Wrote Brooks: "What happened to Joe Biden? Many people thought he was a moderate incrementalist, but now he’s promoting whopping big legislative packages that make many on the progressive left extremely happy. I asked him that when I spoke on the phone with him this week. The answer seems to be — it’s complicated.

"The values that drive him have been utterly consistent over the decades, and the policies he is proposing now are similar to those he’s been championing for decades."


Biden to Brooks: “We’re kind of at a place where the rest of the world is beginning to look to China. The most devastating comment made after I was elected — it wasn’t so much about me — but it was by the Irish taoiseach” — prime minister — “saying that ‘Well, America can’t lead. They can’t even get their arms around Covid.’”


After that reality check from a friend on the other side of the Atlantic, Biden revealed more of his inner Irishness to Brooks.

And it emerged around the question of human dignity.

Biden stated to Brooks: “I think the Irish most often use the world ‘dignity’ of any other group of people. I think it’s because when you’ve been deprived of dignity you put a high, high premium on it.”

In the white ethnic hierarchies of midcentury America, “To be Irish was to be second class,” Biden recalls. “The English owned the town.”

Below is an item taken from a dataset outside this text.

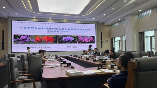 验收委员会根据项目组提交的验收材料,结合现场查定意见,并听取项目组汇报答辩,经质询和评议,一致认为该项目完成了合同规定的各项任务指标,达到了预期推广和示范效果,同意通过项目验收。该项目依托国家林业草原杜鹃工程技术研究中心这一平台,系统开展了溪畔白霞杜鹃等新优品种的繁育栽培、园林应用与景观构建技术推广,在园区营建溪畔白霞杜鹃等苗木繁育示范基地 10 亩;营造景观示范林 75 亩,繁育苗木 12 万株,编写培训和育苗技术手册各1 本,举办培训班 2 次,选派科技特派员 1 名,培训人员 200 人次,辐射带动了浏阳、宁乡和平江等地苗木产业发展和森林景观质量提升。项目的实施对丰富城乡森林景观、发展生态旅游、促进乡村振兴等方面产生了显著的经济、社会和生态效益。(撰稿/王玲 编辑/余帆 编审/周岚)。

Another piece of Biden's basic worldview, according to Brooks, comes from 20th-century Catholic social teaching. Biden said that his father loved the French Catholic philosopher Jacques Maritain, and later in the conversation mentioned that he, too, was guided by Maritain.

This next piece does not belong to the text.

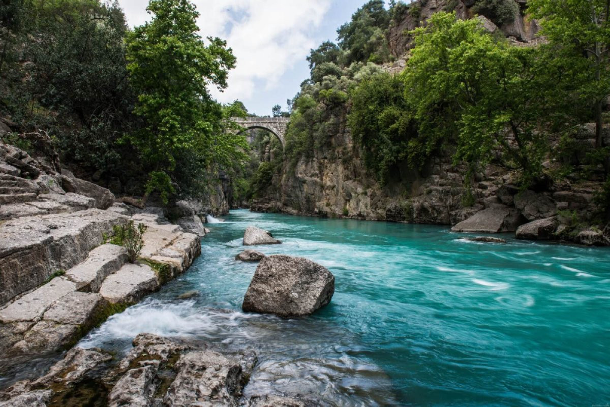 В Кёпрюлю все наоборот: здесь природу не разглядывают с обзорной площадки, а ощущают снизу, с уровня воды. Через весь каньон протекает река Кёпрючай, и именно по ней несутся на рафтах, каноэ и надувных лодках.

"Like most of the major figures of Catholic social teaching, Maritain placed great emphasis on social solidarity, the organic interdependence of people and communities. If you’re drenched in Maritain, you believe we have serious responsibilities for one another," Brooks wrote.


And that is the essence of the Irish concept of the Meitheal, a philosophy of life that Joe Biden would appear to embrace.